### WHAT TO WORK ON
Extract the run of lines that starts at the top of the records below and ends at the line with "Ice cream seamless", keeping both ends and excluding pictures.

Collected data entries:
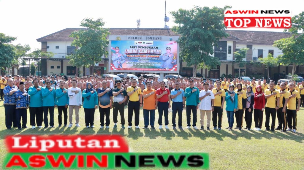 JOMBANG – ASWINNEWS.COM | Kapolres Jombang AKBP Ardi Kurniawan, S.H., S.I.K., CPHR, didampingi Bupati Jombang Abah Warsubi, memimpin apel pembukaan Lomba Kamtibmas Piala Kapolres Jombang yang digelar di Lapangan Mapolres Jombang, Jalan KH. Wahid Hasyim No. 62 Jombang, Jumat (17/10/2025).
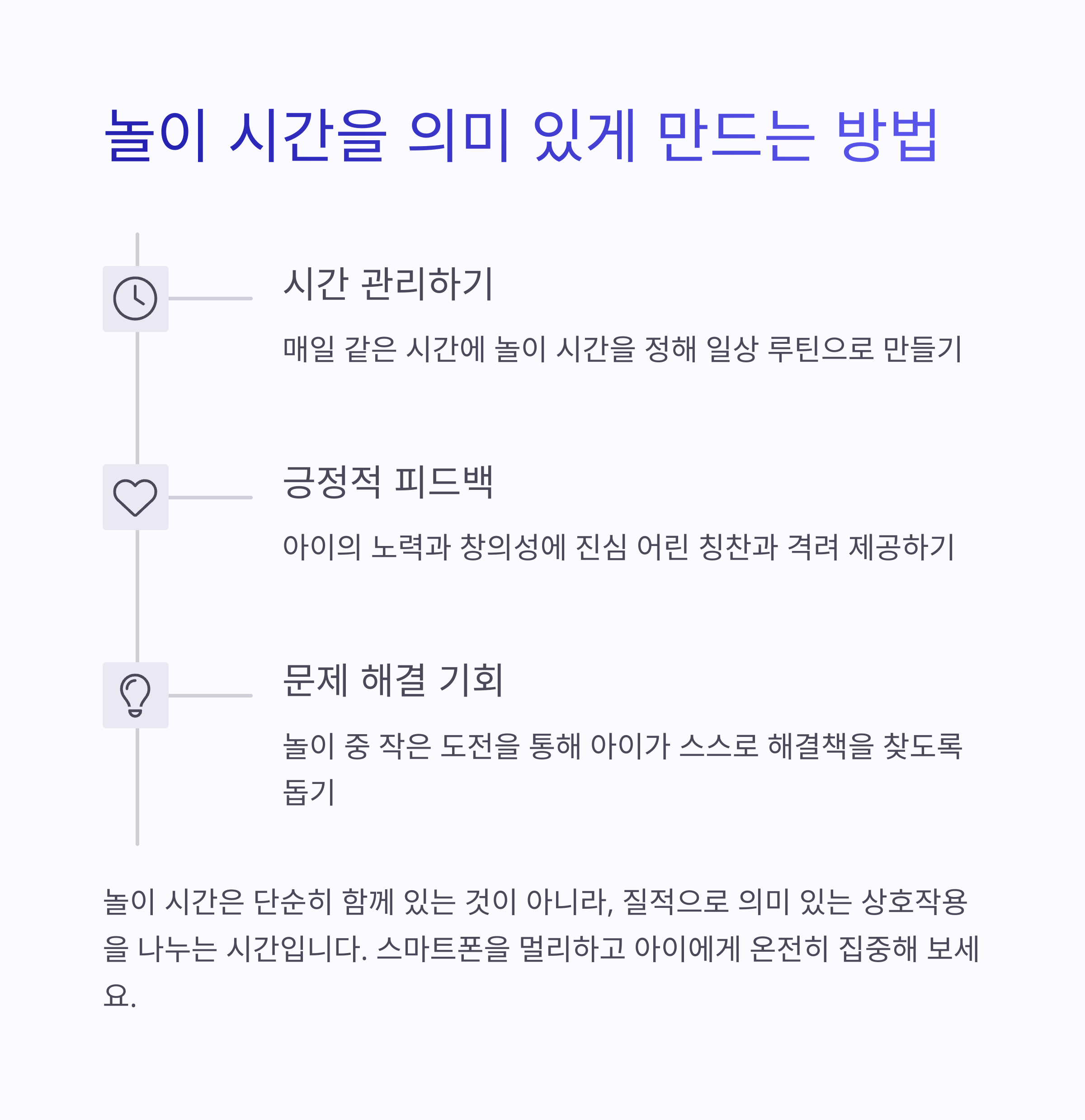 - 시간 관리: 놀이 시간 동안은 모든 전화, 업무 등 방해 요소를 차단하세요.
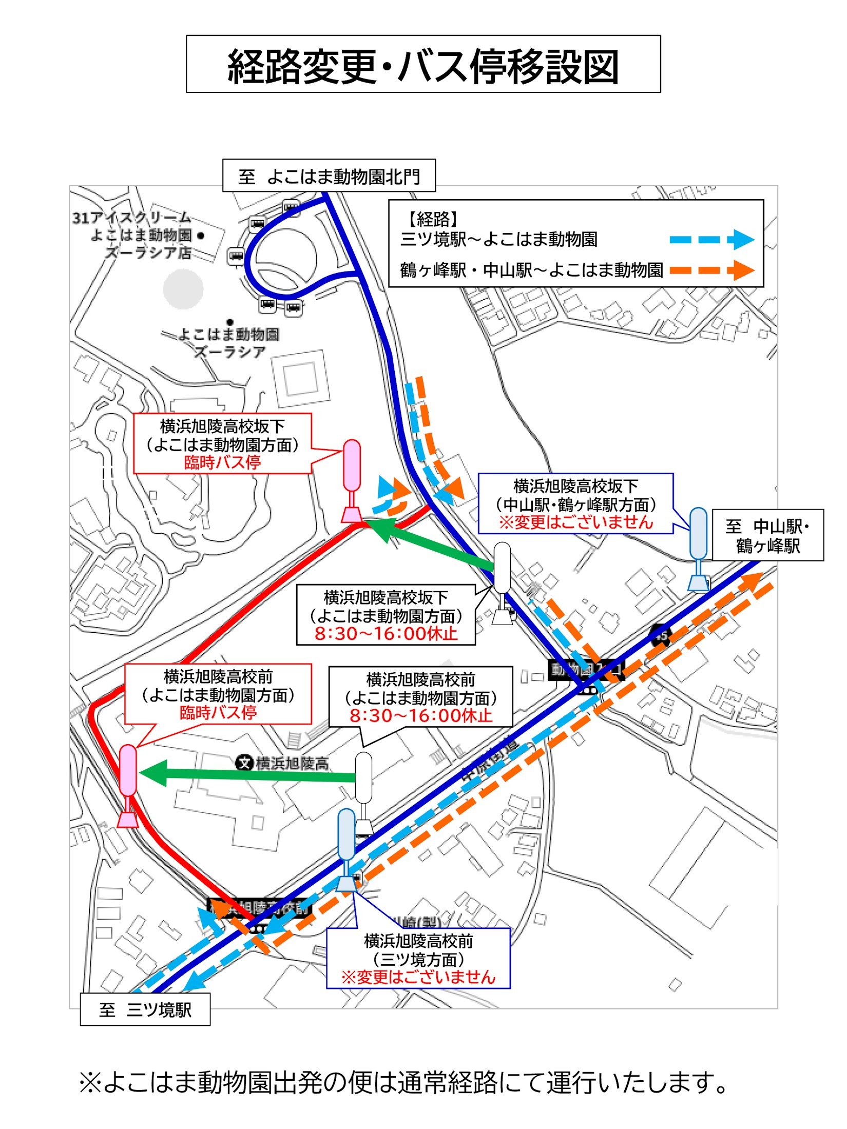 また、よこはま動物園発の便については、通常通りの運行を行ないます。
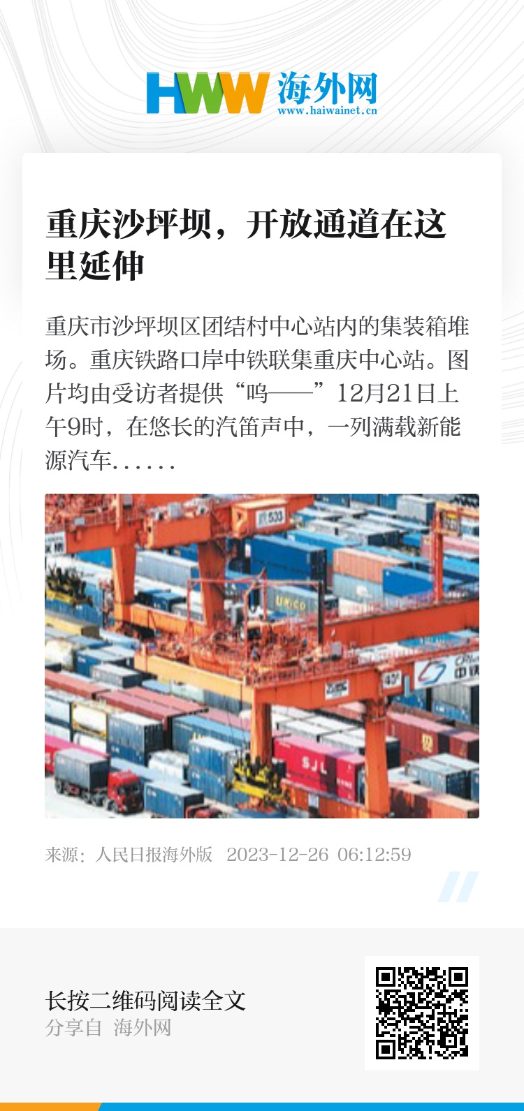 沙坪坝,全国第一列中欧班列(渝新欧)从这里驶出。如今,沙坪坝不仅是中欧班列的始发地,还成为西部陆海新通道的策源地,陆上通达近40个国家超100个城市,海上通达全球120个国家和地区的480个港口,形成“四向齐发”国际通道格局,外贸进出口额占重庆市四成以上,越来越多“中国造”产品从这里走出国门,抵达世界各地。
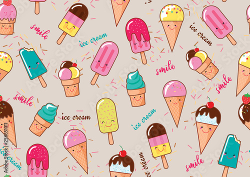 Ice cream seamless pattern on light grey background. Ice cream illustration background pastel colors flat style. Assorted Ice Cream for print card and textile
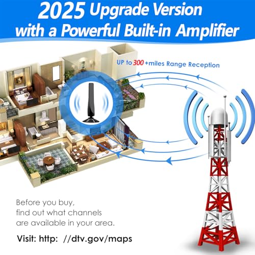 - Antena de TV para Smart TV interna 1080 km de longo alcance com amplificador de sinal amplificador, antena HDTV atualizada 2025 suporta 8K 4K 1080P todas as TVs, recepção 360 portátil
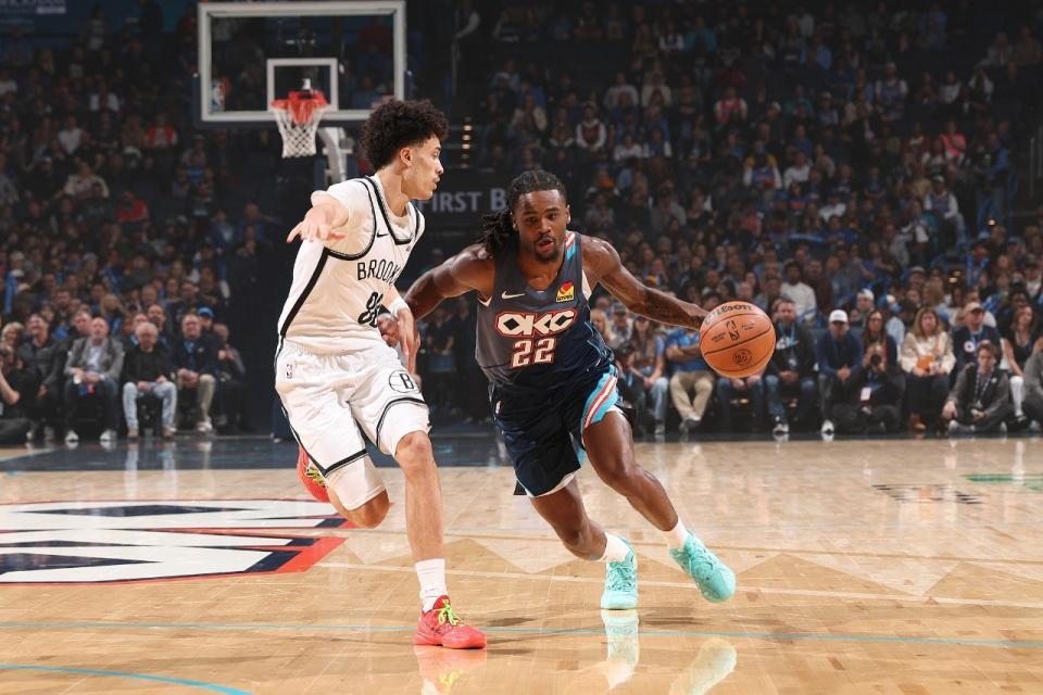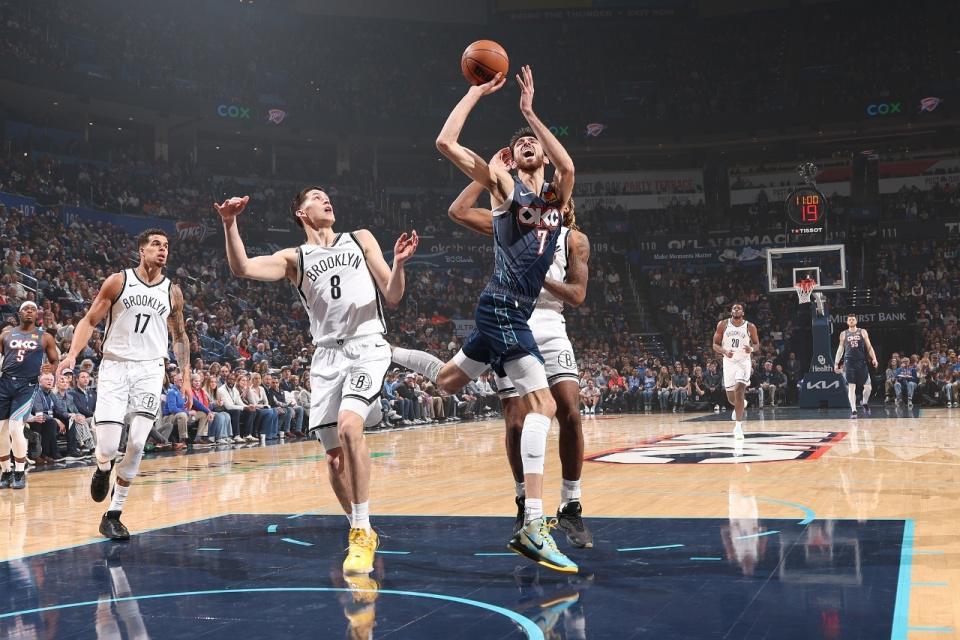 雷霆上一场主场93-110输给雄鹿,篮网过去两场连输步行者与骑士遭遇2连败。本场雷霆缺少亚历山大、杰伦与米切尔,篮网缺少克拉克斯顿与威廉姆斯。首节开局双方交替领先,雷霆在10-8领先情况下,篮网一波6-0攻势反超比分,雷霆连得5分夺回领先。篮网多点开花一波9-2攻势反超6分,雷霆连追4分,首节结束雷霆21-23落后篮网。首节雷霆被限制仅22中6,其中三分9中3,霍姆格伦7分;篮网21中9,其中三分10中1,波特6+3。
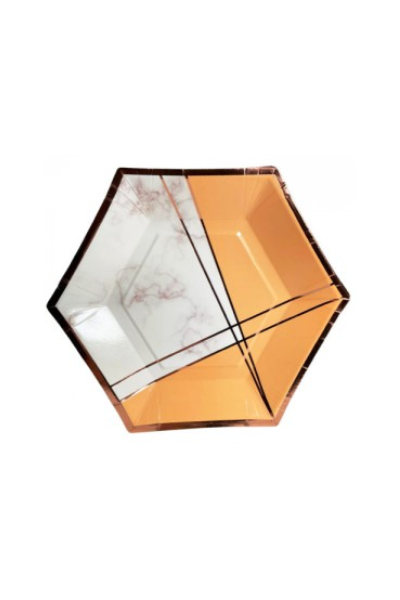 PLATO DE POLIPAPEL HEXAGONAL 17cm ROSA GOLD x 6 unidades

### SOLVED PROBLEM
 JOMBANG – ASWINNEWS.COM | Kapolres Jombang AKBP Ardi Kurniawan, S.H., S.I.K., CPHR, didampingi Bupati Jombang Abah Warsubi, memimpin apel pembukaan Lomba Kamtibmas Piala Kapolres Jombang yang digelar di Lapangan Mapolres Jombang, Jalan KH. Wahid Hasyim No. 62 Jombang, Jumat (17/10/2025).
 - 시간 관리: 놀이 시간 동안은 모든 전화, 업무 등 방해 요소를 차단하세요.
 また、よこはま動物園発の便については、通常通りの運行を行ないます。
 沙坪坝,全国第一列中欧班列(渝新欧)从这里驶出。如今,沙坪坝不仅是中欧班列的始发地,还成为西部陆海新通道的策源地,陆上通达近40个国家超100个城市,海上通达全球120个国家和地区的480个港口,形成“四向齐发”国际通道格局,外贸进出口额占重庆市四成以上,越来越多“中国造”产品从这里走出国门,抵达世界各地。
 Ice cream seamless pattern on light grey background. Ice cream illustration background pastel colors flat style. Assorted Ice Cream for print card and textile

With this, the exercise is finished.